**Assignment**
Repeat every line from the line containing "A NYPD lieutenant" to the end of the data, exactly. Leave the pictures out.
* * * * *
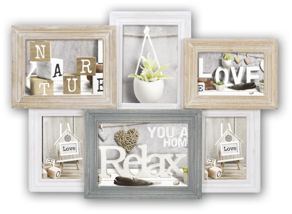 La denne sjarmerende collagrammen tilføre en naturtro og avslappet følelse til ditt hjem! Rammen har plass til 6 bilder i ulike format. Listene går i trefarget, grått og hvitt med slitte detaljer.
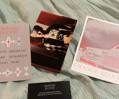 - After reaching a milestone with their Top 5 album on the Billboard 200, ENHYPEN members JUNGWON, HEESEUNG, JAY, JAKE, SUNGHOON, SUNOO and NI-KI are back with a new album titled ORANGE BLOOD to continue their story. Available in two versions: KSANA Ver. and KALPA Ver. Contents include: CD, Sleeve Case, Photo Book, Photo Card A (random 1 of 7), Photo Card B (random 1 of 7), Sticker, Photo Paper (random 1 of 7), Postcard, Poster with Lyrics and Fragrance Card. Dimensions: 245 x 175 x 13.5 mm.
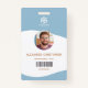 Um crachá de ID corporativo elegante e fácil de personalizar que inclui o nome, a posição, o logotipo da empresa, os detalhes comerciais e QR ou código de barras do seu funcionário.
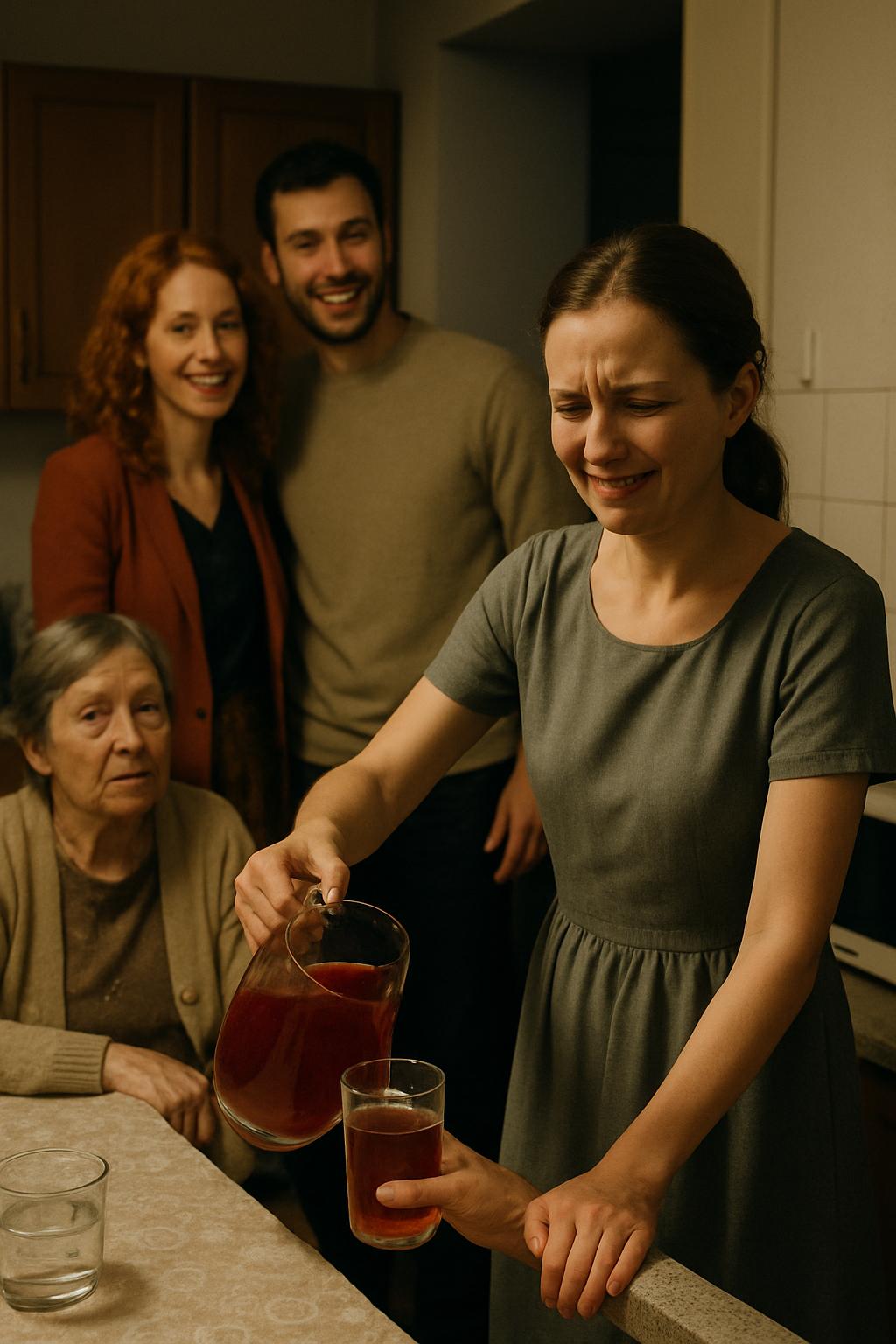 Оксана только что стянула с себя фартук и опустилась за стол — вся семья уже ждала начала ужина. Она наполнила матери стакан компотом из графина, затем повернулась к свекрови с тем же предложением.
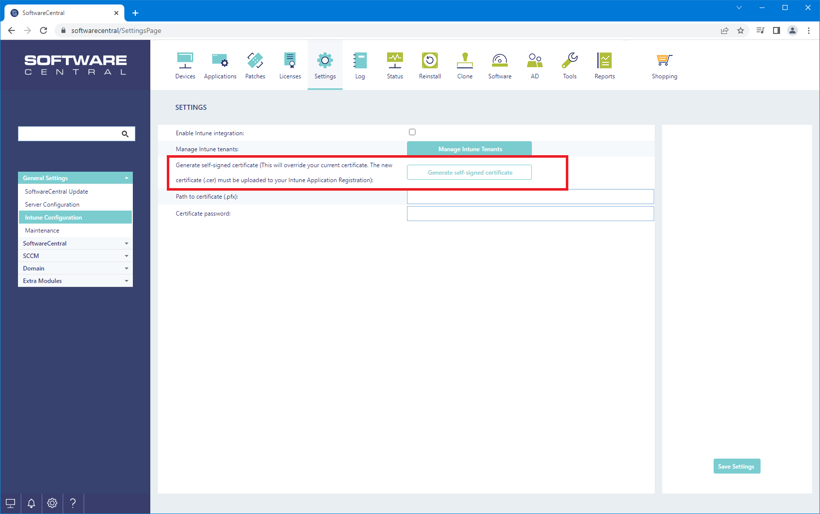 SoftwareCentral can create a self-signed certificate from Settings -> Settings -> General Settings -> Intune Configuration -> Generate self-signed certificate.
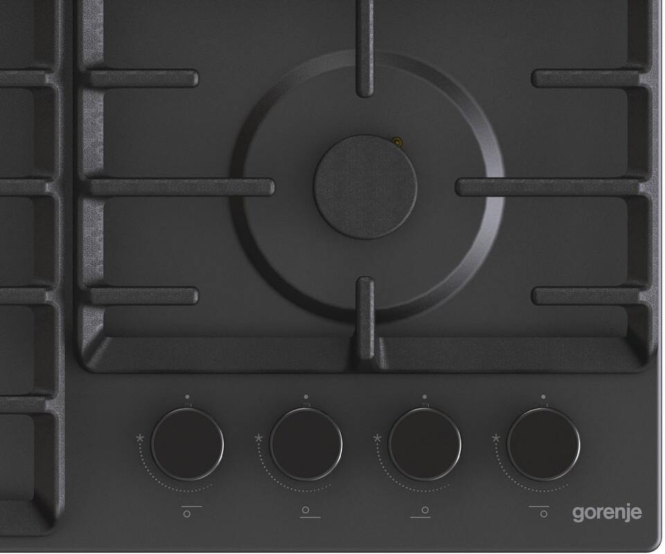Независимая газовая варочная панель Gorenje GW642SYB относится к коллекции Simplicity, которая известная своей эстетичностью, лаконичным дизайном и эргономикой. И это подтверждает данная модель. Её поверхность, а также фурнитура исполнены в матовом чёрном цвете. Ему вторят и чугунные решётки ProGrids, которые придают стиль, а также функциональность. Они усилены, поэтому готовы выдержать большой вес посуды, а также воздействие открытого огня. Кроме того, их элементы служат неким подобием полозьев, по которым, не поднимая, можно перемещать тяжёлые кастрюли с конфорки на конфорку.
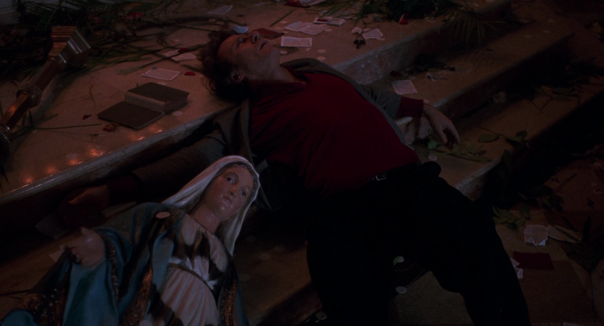 A NYPD lieutenant drops off his kids at Catholic school, then has a bump of cocaine and drives to a crime scene, where he steals a bag of drugs, which he later gives to a drug dealer who promises to pay him for it soon, all the while smoking crack. At night, he gets drunk and has a threesome with two prostitutes, then smokes heroin with a woman at another apartment. At the same time, a nun is raped in a church by two young criminals. As he continues stealing drugs and has bad luck at gambling, he gets involved in the investigation of the rape, and learns the nun was penetrated with a crucifix. He goes into a downward spiral of religious guilt, self-destructive behavior and gambling with money he doesn't have, as it all builds to a climax that might be redemptive or just plain nihilistic.
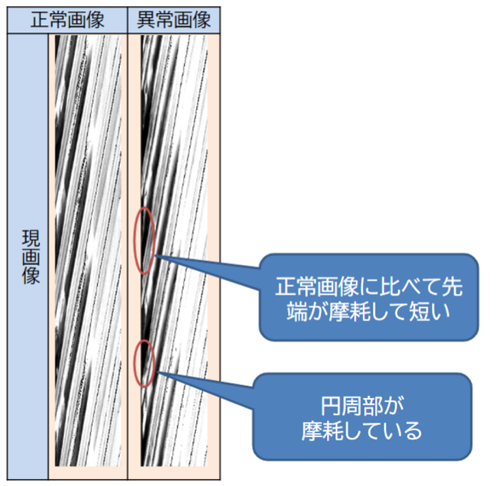 正常画像と異常画像の高さの差を検出することで摩耗を検出します。
* * * * *
**Result of the task**
 A NYPD lieutenant drops off his kids at Catholic school, then has a bump of cocaine and drives to a crime scene, where he steals a bag of drugs, which he later gives to a drug dealer who promises to pay him for it soon, all the while smoking crack. At night, he gets drunk and has a threesome with two prostitutes, then smokes heroin with a woman at another apartment. At the same time, a nun is raped in a church by two young criminals. As he continues stealing drugs and has bad luck at gambling, he gets involved in the investigation of the rape, and learns the nun was penetrated with a crucifix. He goes into a downward spiral of religious guilt, self-destructive behavior and gambling with money he doesn't have, as it all builds to a climax that might be redemptive or just plain nihilistic.
 正常画像と異常画像の高さの差を検出することで摩耗を検出します。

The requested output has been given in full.